┌─ Supplied information
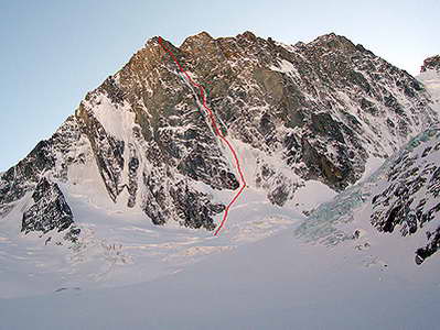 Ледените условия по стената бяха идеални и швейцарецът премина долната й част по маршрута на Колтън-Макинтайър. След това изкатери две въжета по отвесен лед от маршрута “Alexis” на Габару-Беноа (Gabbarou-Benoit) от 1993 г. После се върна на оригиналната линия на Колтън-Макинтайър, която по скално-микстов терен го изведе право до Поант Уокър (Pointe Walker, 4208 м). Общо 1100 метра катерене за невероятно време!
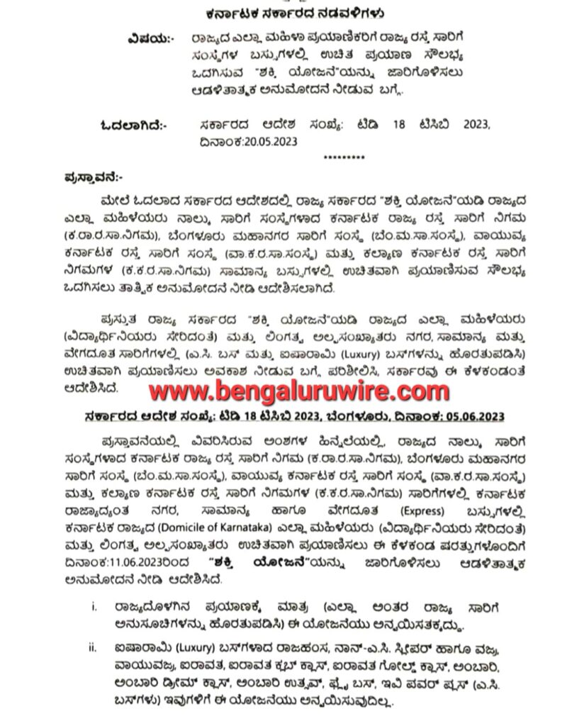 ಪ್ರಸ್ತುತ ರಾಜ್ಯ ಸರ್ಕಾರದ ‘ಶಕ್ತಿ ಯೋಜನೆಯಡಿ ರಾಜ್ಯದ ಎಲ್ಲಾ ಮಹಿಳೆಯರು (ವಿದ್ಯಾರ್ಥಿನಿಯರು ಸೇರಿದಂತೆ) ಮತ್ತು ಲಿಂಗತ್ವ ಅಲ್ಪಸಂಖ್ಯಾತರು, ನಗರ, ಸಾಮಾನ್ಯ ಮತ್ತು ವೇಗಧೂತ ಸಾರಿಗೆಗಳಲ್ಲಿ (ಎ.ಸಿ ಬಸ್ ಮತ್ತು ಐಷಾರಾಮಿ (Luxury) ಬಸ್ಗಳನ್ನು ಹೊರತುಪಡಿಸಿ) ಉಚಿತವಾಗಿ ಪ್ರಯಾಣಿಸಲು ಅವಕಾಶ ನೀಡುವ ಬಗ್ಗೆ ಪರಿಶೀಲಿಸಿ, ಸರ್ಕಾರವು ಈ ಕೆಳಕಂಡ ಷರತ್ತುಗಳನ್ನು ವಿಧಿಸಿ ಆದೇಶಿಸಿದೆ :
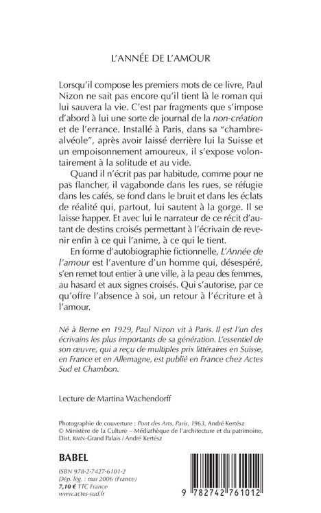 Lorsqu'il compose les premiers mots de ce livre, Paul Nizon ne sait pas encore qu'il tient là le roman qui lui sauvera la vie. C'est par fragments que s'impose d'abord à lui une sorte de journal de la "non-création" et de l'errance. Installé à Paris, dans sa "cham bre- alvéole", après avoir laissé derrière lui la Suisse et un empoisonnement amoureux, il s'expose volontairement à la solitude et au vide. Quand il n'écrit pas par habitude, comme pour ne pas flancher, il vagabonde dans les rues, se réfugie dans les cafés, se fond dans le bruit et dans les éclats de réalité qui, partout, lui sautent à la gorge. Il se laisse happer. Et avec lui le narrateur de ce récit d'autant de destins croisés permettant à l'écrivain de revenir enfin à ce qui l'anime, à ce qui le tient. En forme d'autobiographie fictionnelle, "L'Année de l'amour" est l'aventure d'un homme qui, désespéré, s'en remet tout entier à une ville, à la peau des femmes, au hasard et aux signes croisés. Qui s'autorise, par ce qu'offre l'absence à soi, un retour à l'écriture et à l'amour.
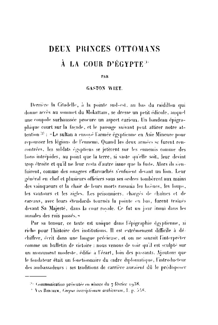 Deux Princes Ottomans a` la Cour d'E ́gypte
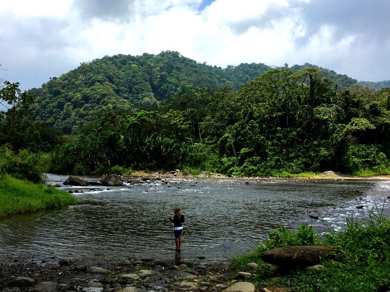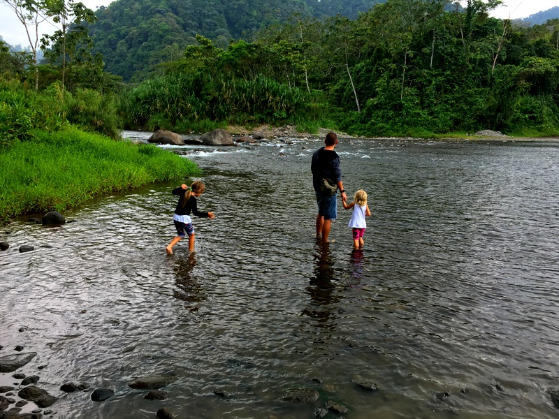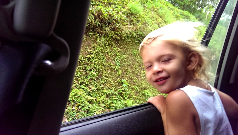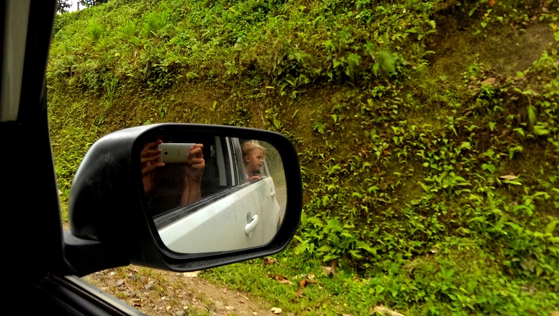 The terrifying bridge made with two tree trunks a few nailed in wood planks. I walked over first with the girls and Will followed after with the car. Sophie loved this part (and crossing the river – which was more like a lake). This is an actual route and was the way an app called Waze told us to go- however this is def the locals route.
└─
* _Your instructions_
Without including a single picture, restate all of the data word for word.

* _Answer to the problem_
 Ледените условия по стената бяха идеални и швейцарецът премина долната й част по маршрута на Колтън-Макинтайър. След това изкатери две въжета по отвесен лед от маршрута “Alexis” на Габару-Беноа (Gabbarou-Benoit) от 1993 г. После се върна на оригиналната линия на Колтън-Макинтайър, която по скално-микстов терен го изведе право до Поант Уокър (Pointe Walker, 4208 м). Общо 1100 метра катерене за невероятно време!
 ಪ್ರಸ್ತುತ ರಾಜ್ಯ ಸರ್ಕಾರದ ‘ಶಕ್ತಿ ಯೋಜನೆಯಡಿ ರಾಜ್ಯದ ಎಲ್ಲಾ ಮಹಿಳೆಯರು (ವಿದ್ಯಾರ್ಥಿನಿಯರು ಸೇರಿದಂತೆ) ಮತ್ತು ಲಿಂಗತ್ವ ಅಲ್ಪಸಂಖ್ಯಾತರು, ನಗರ, ಸಾಮಾನ್ಯ ಮತ್ತು ವೇಗಧೂತ ಸಾರಿಗೆಗಳಲ್ಲಿ (ಎ.ಸಿ ಬಸ್ ಮತ್ತು ಐಷಾರಾಮಿ (Luxury) ಬಸ್ಗಳನ್ನು ಹೊರತುಪಡಿಸಿ) ಉಚಿತವಾಗಿ ಪ್ರಯಾಣಿಸಲು ಅವಕಾಶ ನೀಡುವ ಬಗ್ಗೆ ಪರಿಶೀಲಿಸಿ, ಸರ್ಕಾರವು ಈ ಕೆಳಕಂಡ ಷರತ್ತುಗಳನ್ನು ವಿಧಿಸಿ ಆದೇಶಿಸಿದೆ :
 Lorsqu'il compose les premiers mots de ce livre, Paul Nizon ne sait pas encore qu'il tient là le roman qui lui sauvera la vie. C'est par fragments que s'impose d'abord à lui une sorte de journal de la "non-création" et de l'errance. Installé à Paris, dans sa "cham bre- alvéole", après avoir laissé derrière lui la Suisse et un empoisonnement amoureux, il s'expose volontairement à la solitude et au vide. Quand il n'écrit pas par habitude, comme pour ne pas flancher, il vagabonde dans les rues, se réfugie dans les cafés, se fond dans le bruit et dans les éclats de réalité qui, partout, lui sautent à la gorge. Il se laisse happer. Et avec lui le narrateur de ce récit d'autant de destins croisés permettant à l'écrivain de revenir enfin à ce qui l'anime, à ce qui le tient. En forme d'autobiographie fictionnelle, "L'Année de l'amour" est l'aventure d'un homme qui, désespéré, s'en remet tout entier à une ville, à la peau des femmes, au hasard et aux signes croisés. Qui s'autorise, par ce qu'offre l'absence à soi, un retour à l'écriture et à l'amour.
 Deux Princes Ottomans a` la Cour d'E ́gypte
 The terrifying bridge made with two tree trunks a few nailed in wood planks. I walked over first with the girls and Will followed after with the car. Sophie loved this part (and crossing the river – which was more like a lake). This is an actual route and was the way an app called Waze told us to go- however this is def the locals route.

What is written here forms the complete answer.